DATA EXCERPTS ->
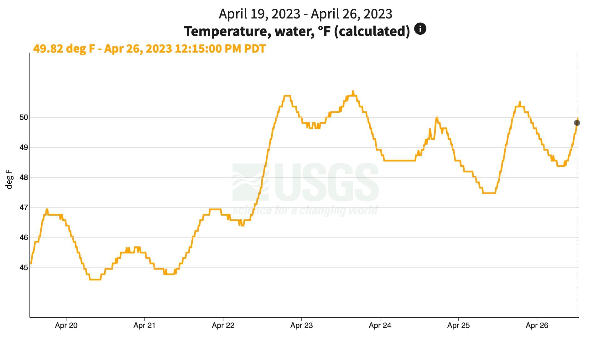 Warm air, cold water! Remember that our local rivers are still very cold, so be careful around the water over the next four days. North Umpqua River is currently around 49 degrees. Air temps look like they will peak on Friday at 87 degrees or so, before cooling off quite a bit starting on Sunday into next week.
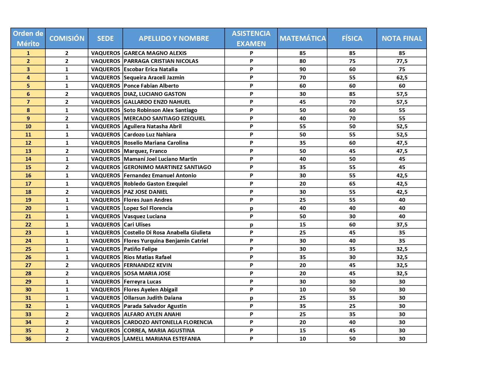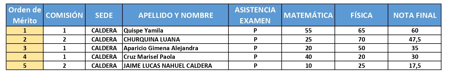Los postulantes que rindieron para la sede de Vaqueros y que terminaron entre los puestos 49 y 90 tendrán, si resultara de su interés, la posibilidad de ingresar a cursar la carrera en la sede de La Caldera.
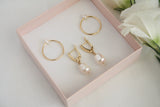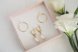 עגילי טיפת פנינה נופלת, קלאסים ויפים עשויים מתלה מוזהב ופנינה לבנה טבעית ולצידם זוג עגילי חישוק מגניבים וצמודים לאוזן בעיצוב מודרני עם פנינים לבנות קטנות שמוסיפות את הטאצ׳ הקלאסי והרך שיש בפנינים.
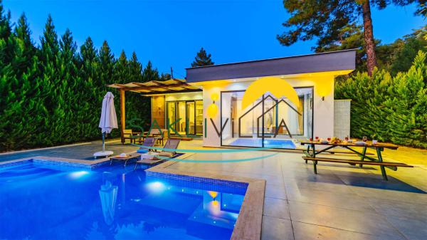 Villanın sunduğu olanaklardan biri de özel havuzdur. Tam korunaklı olması, misafirlerin güneşin tadını çıkarırken gizliliklerini de koruma imkanı tanımaktadır. Bu sayede, misafirler yılın yorgunluğunu üzerlerinden atarak, tamamen dinlenme ve eğlenme fırsatına sahip olmaktadır. Havuz etrafındaki alan, aynı zamanda bir güneşlenme terası olarak da hizmet vermekte, misafirlerin gün boyunca keyifle vakit geçirebileceği bir ortam sunmaktadır.
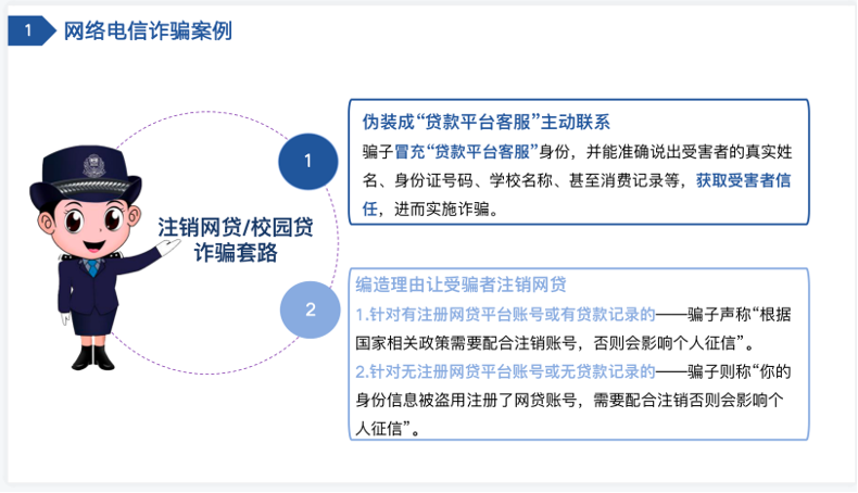 焦老师讲述并分析了六个网络电信诈骗案例,分别是大一女学生银行卡被调包、网络来历不明信息设局中圈套、微信网友志愿活动诈骗、淘宝购物诈骗、注销网贷/校园贷诈骗和网络刷单。焦老师特别讲解了与我们的生活关系密切的注销网贷/校园贷诈骗的详细案件经过和诈骗套路。
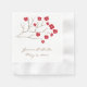 Guardanapos de papel artístico para sobremesas de casamento com um design original do Mango Moon Studio de um galho com flores de cereja em vermelho. Adicione os nomes dos casais e a data do casamento.
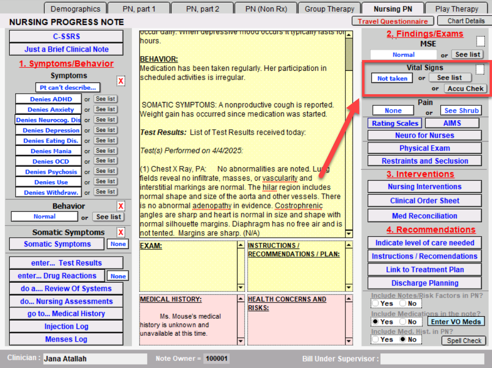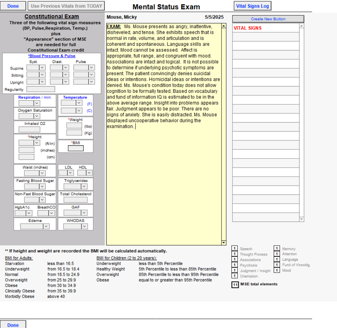 If you did not document the vital signs in the Mental Status Exam area, click on the Vital Signs button to enter the Constitutional Exam window. Blood pressure, pulse, respirations and height, and weight to achieve calculated BMI. FBS, LDL, GAF, and waist measurements are entered with a click. If vital signs are not taken, you can click the Not Taken button.
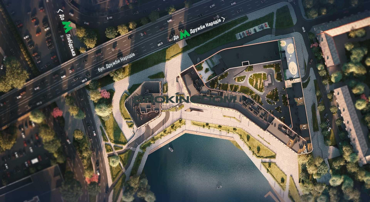 На території планується дитячий майданчик, вихід на озеро, підземна парковка (в першому та другому будинках), гостьовий паркінг.

ASSIGNMENT -> Pictures don't belong in the copy. Restate all the entries exactly.

ANSWER SPACE ->
 Warm air, cold water! Remember that our local rivers are still very cold, so be careful around the water over the next four days. North Umpqua River is currently around 49 degrees. Air temps look like they will peak on Friday at 87 degrees or so, before cooling off quite a bit starting on Sunday into next week.
Los postulantes que rindieron para la sede de Vaqueros y que terminaron entre los puestos 49 y 90 tendrán, si resultara de su interés, la posibilidad de ingresar a cursar la carrera en la sede de La Caldera.
 עגילי טיפת פנינה נופלת, קלאסים ויפים עשויים מתלה מוזהב ופנינה לבנה טבעית ולצידם זוג עגילי חישוק מגניבים וצמודים לאוזן בעיצוב מודרני עם פנינים לבנות קטנות שמוסיפות את הטאצ׳ הקלאסי והרך שיש בפנינים.
 Villanın sunduğu olanaklardan biri de özel havuzdur. Tam korunaklı olması, misafirlerin güneşin tadını çıkarırken gizliliklerini de koruma imkanı tanımaktadır. Bu sayede, misafirler yılın yorgunluğunu üzerlerinden atarak, tamamen dinlenme ve eğlenme fırsatına sahip olmaktadır. Havuz etrafındaki alan, aynı zamanda bir güneşlenme terası olarak da hizmet vermekte, misafirlerin gün boyunca keyifle vakit geçirebileceği bir ortam sunmaktadır.
 焦老师讲述并分析了六个网络电信诈骗案例,分别是大一女学生银行卡被调包、网络来历不明信息设局中圈套、微信网友志愿活动诈骗、淘宝购物诈骗、注销网贷/校园贷诈骗和网络刷单。焦老师特别讲解了与我们的生活关系密切的注销网贷/校园贷诈骗的详细案件经过和诈骗套路。
 Guardanapos de papel artístico para sobremesas de casamento com um design original do Mango Moon Studio de um galho com flores de cereja em vermelho. Adicione os nomes dos casais e a data do casamento.
 If you did not document the vital signs in the Mental Status Exam area, click on the Vital Signs button to enter the Constitutional Exam window. Blood pressure, pulse, respirations and height, and weight to achieve calculated BMI. FBS, LDL, GAF, and waist measurements are entered with a click. If vital signs are not taken, you can click the Not Taken button.
 На території планується дитячий майданчик, вихід на озеро, підземна парковка (в першому та другому будинках), гостьовий паркінг.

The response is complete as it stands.